- IATA: OZS; ICAO: KOZS; FAA LID: OZS;

Summary
- Airport type: Public
- Owner: City of Camdenton
- Serves: Camdenton, Missouri
- Elevation AMSL: 1,062 ft (324 m)
- Coordinates: 37°58′26″N 092°41′28″W﻿ / ﻿37.97389°N 92.69111°W
- Interactive map of Camdenton Memorial - Lake Regional Airport

Runways
| Direction | Length |  | Surface |
| ft | m |
| 15/33 | 5,002 | 1,219 | Asphalt |

Statistics (2007)
- Aircraft operations: 3,015
- Based aircraft: 28
- Source: Federal Aviation Administration

= Camdenton Memorial Airport =

Camdenton Memorial - Lake Regional Airport (formerly FAA LID: H21) (formerly Camdenton Memorial Airport) is a city-owned public-use airport located three nautical miles (6 km) southeast of the central business district of Camdenton, a city in Camden County, Missouri, United States.
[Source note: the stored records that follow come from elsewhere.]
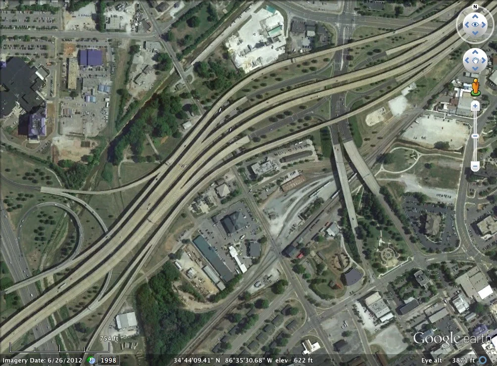 It should be noted that none of those highways are major north-south or east-west highways in the federal system. Interstate 565 is the closest to such a highway, but it's a freeway spur of about 21 miles that connects to Interstate 65. US 231, running north-south, is only a freeway for a few miles in the heart of the city.
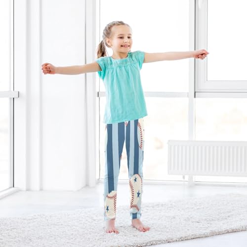 Toddler Girls Leggings Printed Yoga Pants Leggings Baseball Blue Background for Kids 7
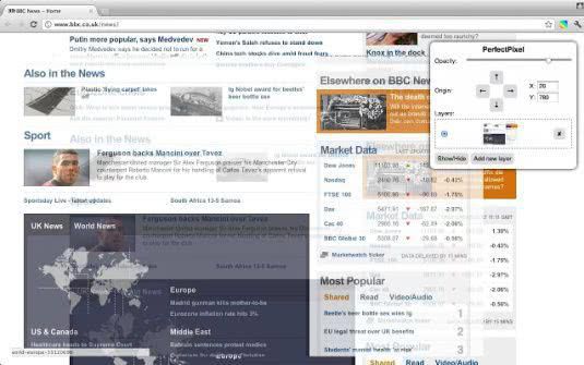 Это довольно неприятно, когда окончательный результат вашего сайта просто немного отходит от макета. PerfectPixel позволяет наложить изображение на экран во время редактирования, так что вы можете убедиться, что все в порядке.
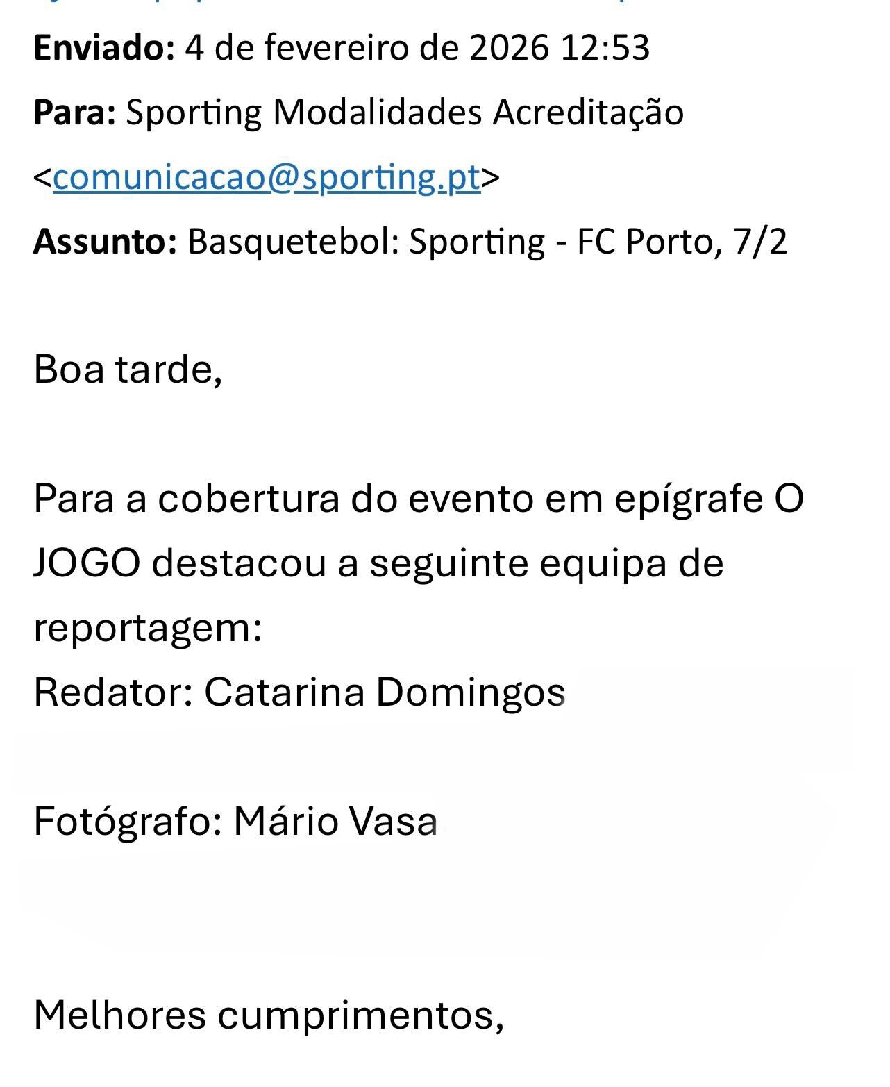 A Direção editorial de O JOGO é informada pela jornalista destacada para o jogo de basquetebol entre Sporting-FC Porto, no pavilhão João Rocha, que o pedido de acreditação - feito a 4 de fevereiro - fora negado pelo clube, que alega corte de relações com o jornal.
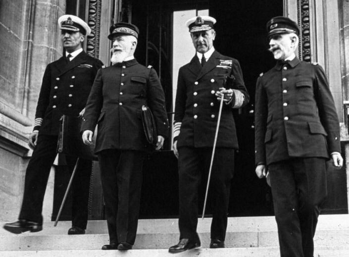 Foch, amiral Lacaze, général Pétain, conférence des alliés - Source
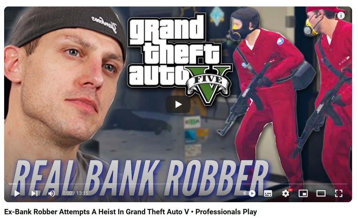 二十多年过去,出狱的他成为网红,被BuzzFeed Multiplayer频道邀请来进行游戏试玩,视频标题为「前银行劫匪玩《GTA5》」。
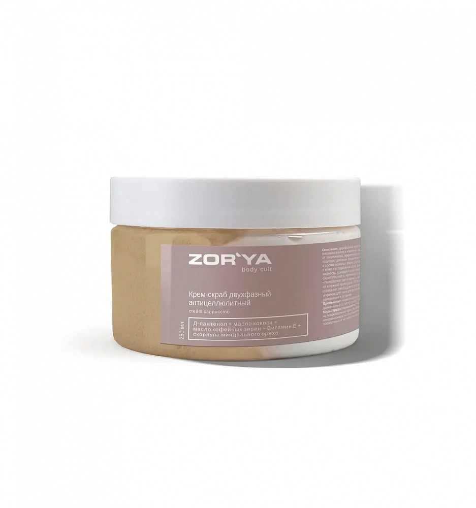 Крем-скраб двухфазный антицеллюлитный масло кофейных зерен и скорлупа миндального ореха cream cappuccino ZOR`YA body cult 250 мл
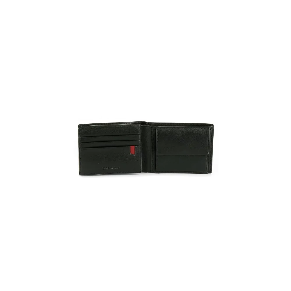 Belsejében bal oldalon egy kihajtható rész található, amely névjegyek, bankkártyák és igazolványok tárolására alkalmas. A felhajtható panel alatt egy nyitott rekesz, valamint 4 bankkártya-/igazolványtartó kapott hely, így a legfontosabb kártyák mindig kéznél vannak. Jobb oldalon egy patentos aprótartó gondoskodik a pénzérmék biztonságos tárolásáról.
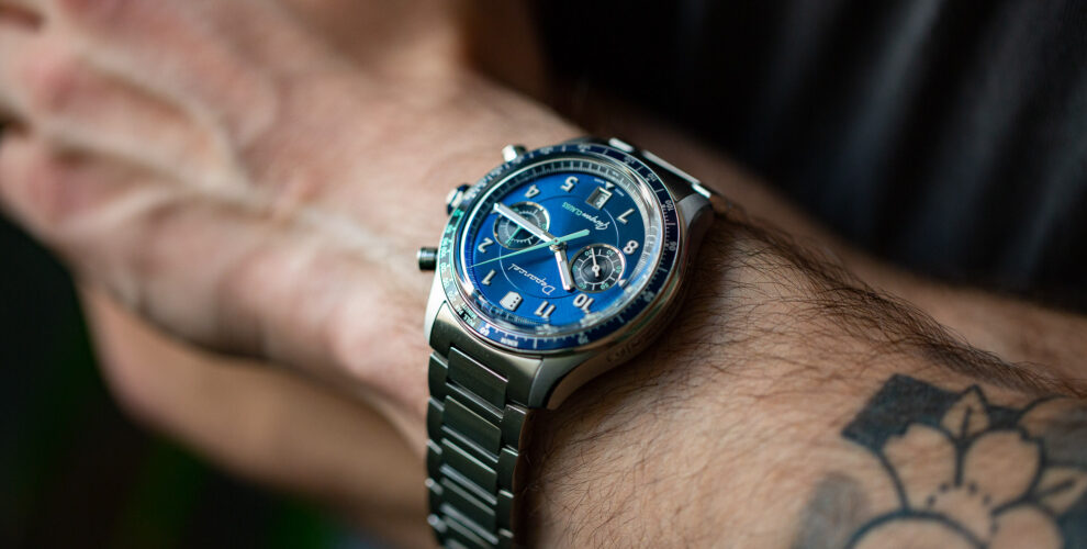 Pour tout le reste, on apprécie la lunette toujours fine avec l’insert en céramique ici bicolore noire et bleue et l’échelle tachymétrique, qui vient décorer le boitier avec ses alternances de finitions brossées et polies. Un brossé circulaire sur les cornes, horizontal sur la carrure, sans oublier la belle signature Depancel du chanfrein poli qui court tout le long de la montre. Des détails poussés à la couronne facettée avec une petite bande bleue, toujours un clin d’oeil à la couleur de la petite sportive, jusqu’aux poussoirs ronds et rainurés, en songeant forcément à des chronographes Rolex des années 1960, mais aussi à la segmentation des pistons. Un boitier qui affiche un diamètre de 43 mm pour 15 mm d’épaisseur et qui par son travail rigoureux ne parait pas hors de propos même sur un poignet moyen.
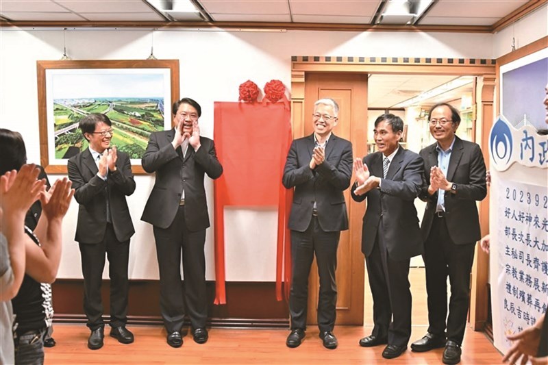 內政部長林右昌(左二)與宗教及禮制司長林清淇(右二),昨天共同揭牌合影。
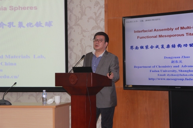 10月27日下午,应皇冠最新官网长李春忠教授邀请,中国科学院院士、复旦大学教授赵东元来校进行学术交流,作了题为界面自组装合成复杂结构功能介孔氧化钛球的学术报告。报告会由李春忠主持,部分教授、研究生聆听了报告。
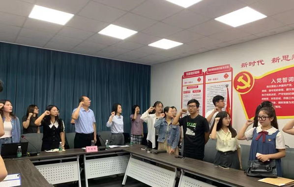 活动最后,全体新生党员在陈可欣同学的带领下,重温入党誓词,对党组织作出庄严承诺。期望新生党员们能够牢记党旗下许过的铮铮誓言,继续积极发挥模范带头作用,敢为人先、勤学苦练,做为党为人民服务的先行者!
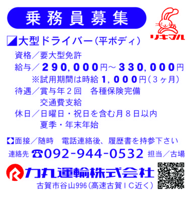 新宮・古賀・福津・久山版 【力丸運輸株式会社】乗務員募集<大型ドライバー(平ボディ)>
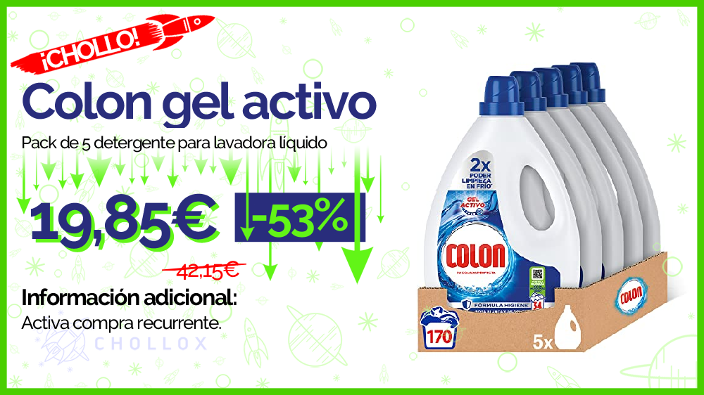 💥 🔉 Colon gel activo - Pack de 5 detergente para lavadora líquido #Amazon

According to the FAA's National Plan of Integrated Airport Systems for 2009–2013, it is categorized as a general aviation facility.

== Facilities and aircraft ==
Camdenton Memorial - Lake Regional Airport covers an area of 192 acre at an elevation of 1,062 feet (324 m) above mean sea level. It has one runway designated 15/33 with an asphalt surface measuring 4,000 by 75 feet (1,219 x 23 m).

For the 12-month period ending August 1, 2007, the airport had 3,015 aircraft operations, an average of 251 per month: 99% general aviation and 1% military. At that time there were 28 aircraft based at this airport: 82% single-engine and 18% multi-engine.

== Air show ==
Every September, an air show is held at the airport.